**RECORDED INFORMATION:**
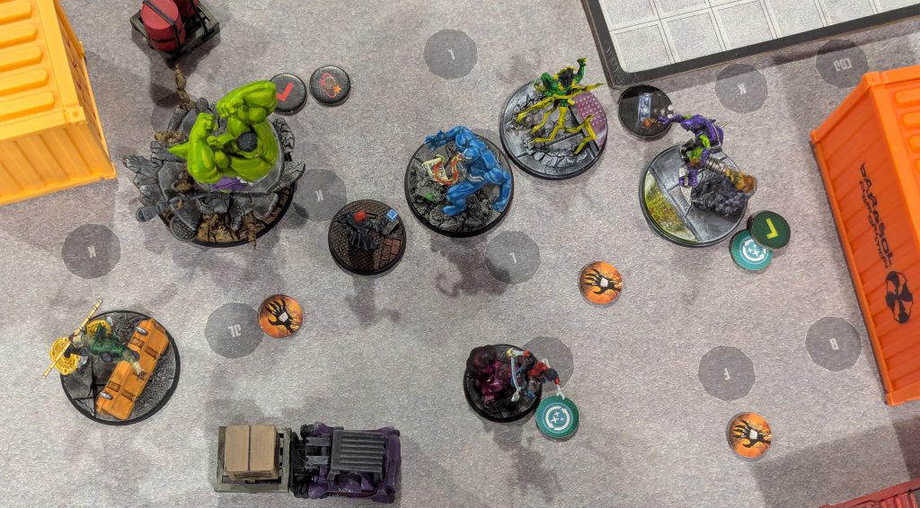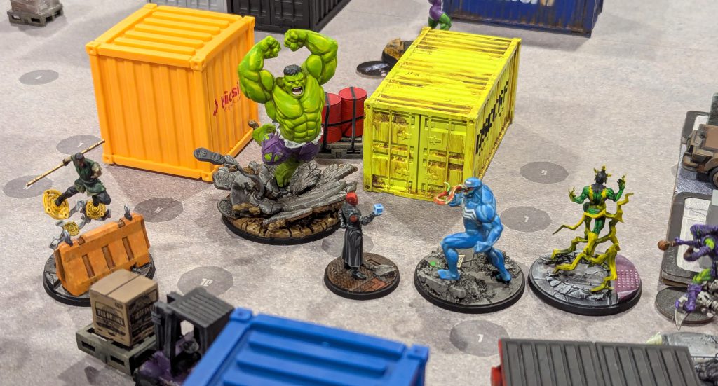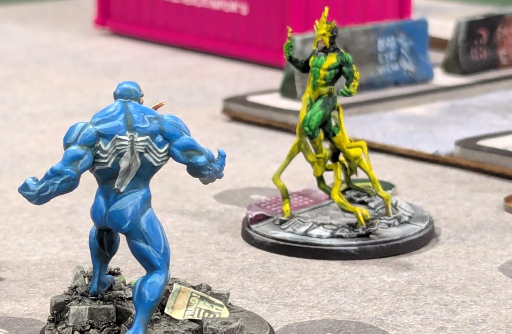 Other than that, it’s basically a battle royale and a good reason to just slam models into each other. I used a Cabal list featuring Red Skull, Baron Mordo and Nightcrawler, my wife brought Immortal Hulk and Venom, one of our friends brought She-Hulk and Ultron and our other friend played a Spider-Foes list of Green Goblin, Lizard and Electro. More on how that all played out in a minute.
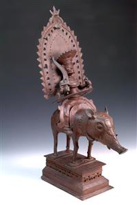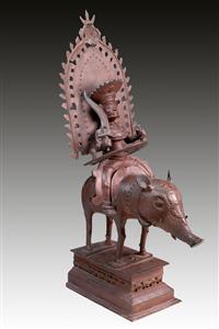 A LARGE IRON SOUTH INDIAN DEITY ON A BOAR, sword and bell in hands 63.5cm high
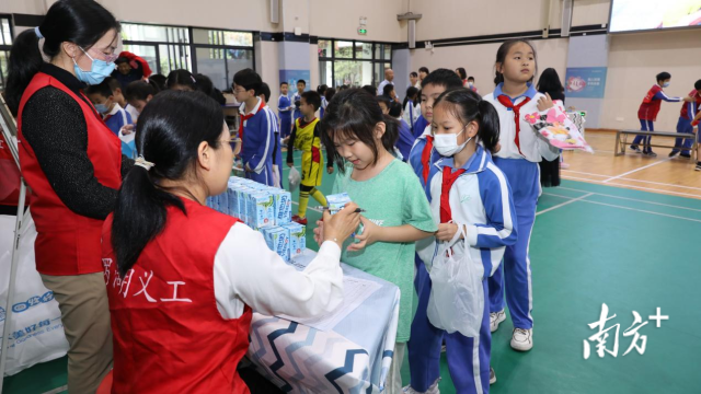 活动现场,兑换活动精彩纷呈,共吸引超千名学生参与,共发放礼品近两千份。主办方精心设置了知识讲解区、互动游戏区、奶盒积分区、奖品兑换区四个活动区域,学生积极参与,热情高涨,乐此不疲地穿梭其中。先到奶盒积分区按照“5奶盒=1积分”的标准兑换维他奶、绘本、挂件等礼品。知识讲解区和互动游戏区也排起长队,参与知识问答和游戏互动,同样有机会获得丰厚的礼品奖励。不少同学都兑换到心仪的礼品,小脸上满是兴奋与幸福。
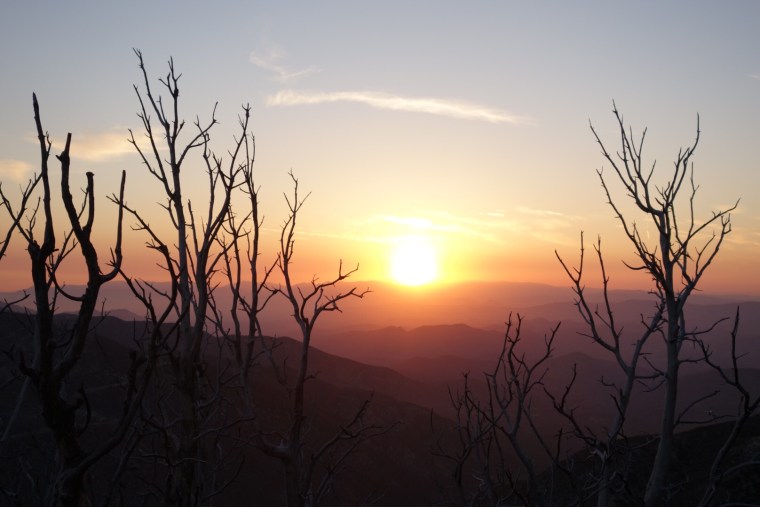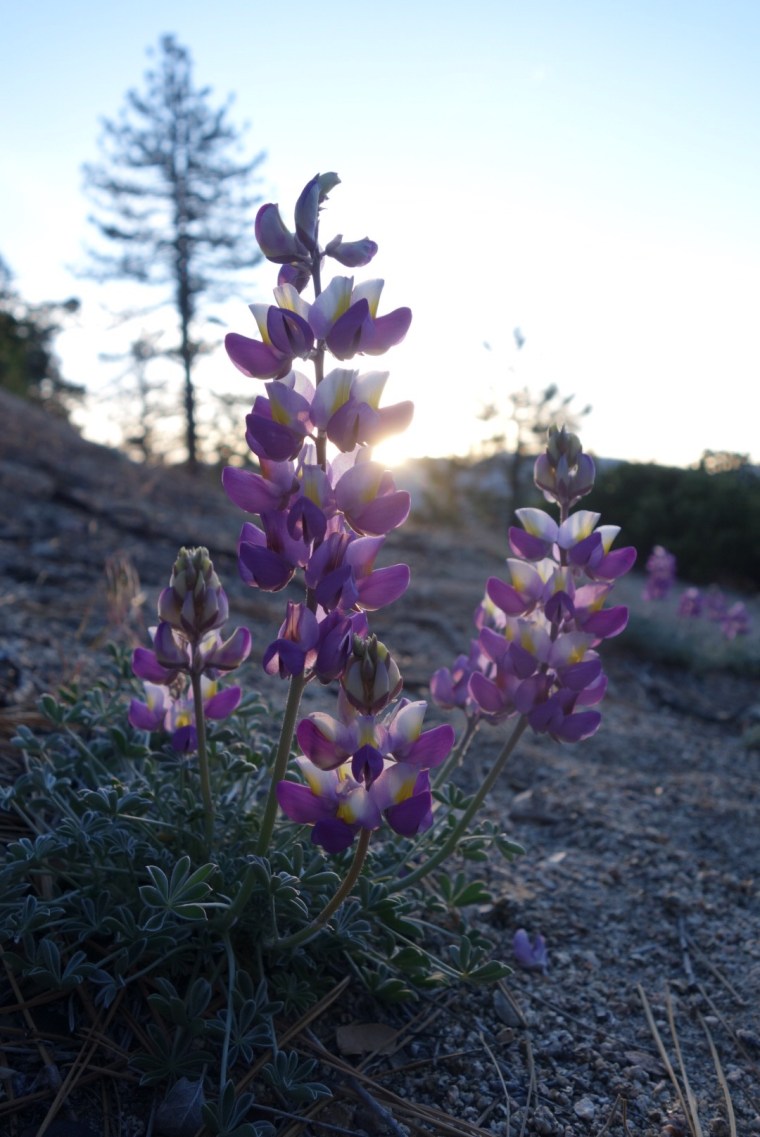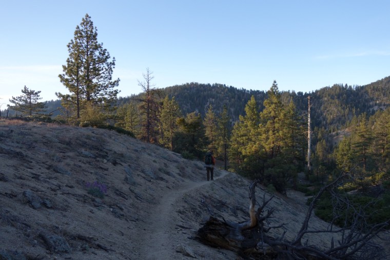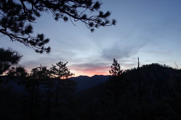 The trail leads us down a hill through tall pine trees. The sun starts to rise and highlights their branches with gold. It’s beautiful.

**EXERCISE GOAL:**
Reproduce, word for word, the lines from the one containing "A LARGE IRON" to the end of the material, both ends included. No picture is copied.

**EXERCISE RESPONSE:**
 A LARGE IRON SOUTH INDIAN DEITY ON A BOAR, sword and bell in hands 63.5cm high
 活动现场,兑换活动精彩纷呈,共吸引超千名学生参与,共发放礼品近两千份。主办方精心设置了知识讲解区、互动游戏区、奶盒积分区、奖品兑换区四个活动区域,学生积极参与,热情高涨,乐此不疲地穿梭其中。先到奶盒积分区按照“5奶盒=1积分”的标准兑换维他奶、绘本、挂件等礼品。知识讲解区和互动游戏区也排起长队,参与知识问答和游戏互动,同样有机会获得丰厚的礼品奖励。不少同学都兑换到心仪的礼品,小脸上满是兴奋与幸福。
 The trail leads us down a hill through tall pine trees. The sun starts to rise and highlights their branches with gold. It’s beautiful.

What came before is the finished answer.